Propos recueillis par Viviana von Allmen

– M. Gafner, que pensez-vous de la situation du chômage en Suisse ?
– Avec un taux qui a passé sous la barre des 4% en mars dernier (sauf erreur), la Suisse reste dans une situation relativement privilégiée, sur ce plan-là, par rapport à ses voisins. Ce qui me préoccupe davantage pour notre profession, c’est que la Suisse commence à ressentir sérieusement, et pour longtemps, les méfaits de quinze ans de croissance apathique. Le petit marché de la presse romande, via la morosité des annonceurs, n’a pas fini d’en souffrir. Les rapprochements divers entre titres, les fusions et les disparitions vont se poursuivre.

– Pourquoi continuer à former des journalistes, aussi dans les universités, si le chômage dans cette branche va crescendo ?
– Pour répondre précisément, il faudrait connaître la proportion de journalistes au chômage. Concernant la formation universitaire, il me semble qu’on peut s’intéresser aux médias sans vouloir forcément en faire son métier. A l’époque où je suivais les cours de journalisme à l’Université de Neuchâtel, j’ai connu pas mal d’étudiants dans ce cas-là. Pour moi, l’existence de cette filière académique ne se discute pas. Quant à la formation sur le terrain, on peut comprendre qu’une rédaction préfère engager un stagiaire plutôt qu’un journaliste chevronné au chômage, dont le salaire coûterait deux ou trois mille francs de plus par mois, selon les tarifs RP. Les temps sont aujourd’hui aux économies, surtout dans la presse écrite, qui reste, malgré tout, un marché très concurrentiel, avec beaucoup de titres dans un petit pays.

– Y a-t-il des mesures spécifiques pour les journalistes au chômage ?
– Non, rien de sérieux à ma connaissance.

– Alors que suggérez-vous ?
– Le marché de la profession pourrait se dérouler avec plus de transparence. Les offres d’emploi, y compris sur Internet, sont rares. Naturellement, les rédactions privilégient les solutions internes, ou le débauchage, quand un poste est à repourvoir.

– Pensez-vous que les médias, en général, font des économies sur le dos de leurs journalistes ?
– C’est un peu juste comme analyse. Il y a des contraintes conjoncturelles auxquelles les éditeurs n’échappent pas, ainsi que pour tout patron d’entreprise. Quand un média se porte mal, c’est toute la chaîne de production de l’information qui souffre, pas seulement les journalistes. Et si la survie d’un titre dépend de mesures d’économies, quelles qu’elles soient, peut-on légitimement les condamner ?

– Y a-t-il de la part des syndicats de journalistes un véritable engagement pour la défense des postes de travail ?
– Non, mais ce n’est que mon opinion personnelle.

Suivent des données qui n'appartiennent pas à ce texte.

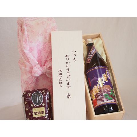 贈り物いつもありがとう木箱と珈琲豆セットオススメ珈琲豆(特注ブレンド200g)濱田酒造 本格芋焼酎 鹿児島県産紫芋使用紫薩摩富士 (鹿児島県) 900ml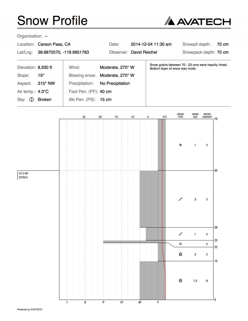 Location Name: Frog Lake Region: Carson Pass Area Date and time of observation: Thu, 12/04/2014 - 11:30 |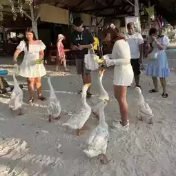 Thian Beach is a beautiful beach with fine white sand. The most popular highlight that people like to come here is to take pictures with the little geese. When we arrived at 5:30 p.m., the little geese were walking up from the water.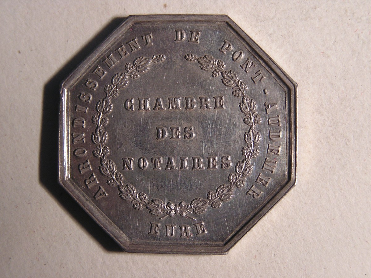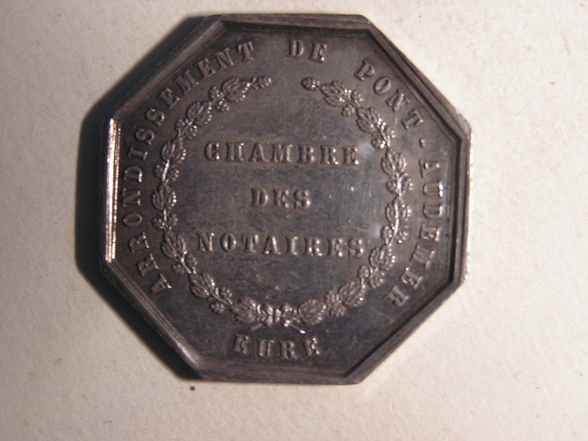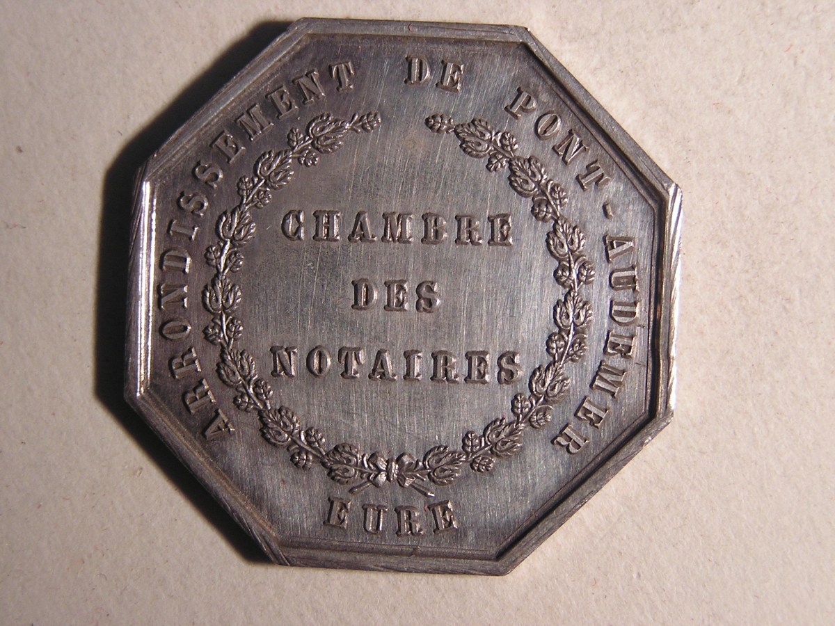 PONT-AUDEMER. 3 Jetons de notaires en argent, de forme octogonale.

– En quoi les journalistes pourraient-ils aider à endiguer les licenciements de collègues ?
– L’influence d’une société de rédacteurs peut ne pas être inutile. Mais je n’y crois guère. C’est à voir selon le média, sa structure, ses rapports de forces internes, etc. Cela dit, le journalisme est un milieu très
individualiste, où l’ambition personnelle passe avant toute forme de solidarité.

– Pensez-vous que les médias audiovisuels ont pris le dessus sur la presse écrite ?
– On sait qu’à côté de la TV et de la radio, la presse écrite a toujours eu sa place de complémentarité, avec ses propres atouts. Celui par exemple de pouvoir développer l’actualité plus en détails, avec plus de recul. Quant à Internet, je ne le crois pas plus dangereux pour la presse écrite que la TV ou la radio. Il leur manquera toujours, entre autres choses, l’attrait convivial et intime dans le simple fait de tourner des pages, de palper et de sentir du papier imprimé… Il me semble que le consommateur de nouvelles tiendra toujours à cette espèce de rapport physique au journal.